How to select the number in a text? (R)-CodePudding

How to select the number in a text?

I want to convert the Latin number and English numbers in the text. For example, in the text "……one telephone……". I want to change the English number "one" into "1", but I do not want to change "telephone" into "teleph1".

Is it right to select only the number with a space ahead of the word and a space after it? How to do it?

CodePudding user response：

Here is one way:

gsub(" one ", " 1 ", ".. one telephone ..")

You may need more rules than "space before and space after" (e.g. punctuation). Here is an example to handle blank space or punctuation before "one"

gsub("\\([[:punct:]]|[[:blank:]]\\)one ", "\11 ", "..one telephone ..")

You can do something similar after "one". The \1 in the second argument refers to whatever is matched inside \\( ... \\) in the first argument.

Check the documentation of gsub to learn more about regular expressions.

CodePudding user response：

To avoid replacing parts of other words into numbers you can include word boundaries in the search pattern. Some functions have a dedicated option for this but generally you can just use the special character \\b to indicate a word boundary as long as the function supports regular expressions.

For example, \\bone\\b will only match "one" if it is not part of another word. That way you can apply it to your character string "……one telephone……" without having to rely on spaces as delimiter between words.

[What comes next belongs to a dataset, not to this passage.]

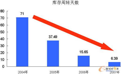 現(xiàn)金轉(zhuǎn)化周期(現(xiàn)金轉(zhuǎn)化周期=庫存周轉(zhuǎn)天數(shù)+應(yīng)收賬款天數(shù)-應(yīng)付賬款天數(shù)),這也是一個非常重要的指標(biāo)。2004年時,這家企業(yè)轉(zhuǎn)化周期是41天,而在經(jīng)過系統(tǒng)應(yīng)用之后,是負(fù)的34天。這意味著企業(yè)盤活了庫存,盤活了資金,盤活了負(fù)債。這是非常良好的狀態(tài),說明企業(yè)的現(xiàn)金流周轉(zhuǎn)非常快。存貨周轉(zhuǎn)由6天下降到了3天,應(yīng)收周轉(zhuǎn)從34天下降到30天,應(yīng)付周轉(zhuǎn)從58天到30天,如果一個企業(yè)的周轉(zhuǎn)是負(fù)的,也就說明企業(yè)的現(xiàn)金流非常大。

With the stringr package (part of the Tidyverse), the replacement might look like this:

# define test string
x <- "……one telephone……"

# define dictionary for replacements with \\b indicating word boundaries
dict <- c(
  "\\bone\\b" = "1",
  "\\btwo\\b" = "2",
  "\\bthree\\b" = "3"
)

# replace matches in x
stringr::str_replace_all(x, dict)
#> [1] "……1 telephone……"

^{Created on 2022-11-11 with reprex v2.0.2}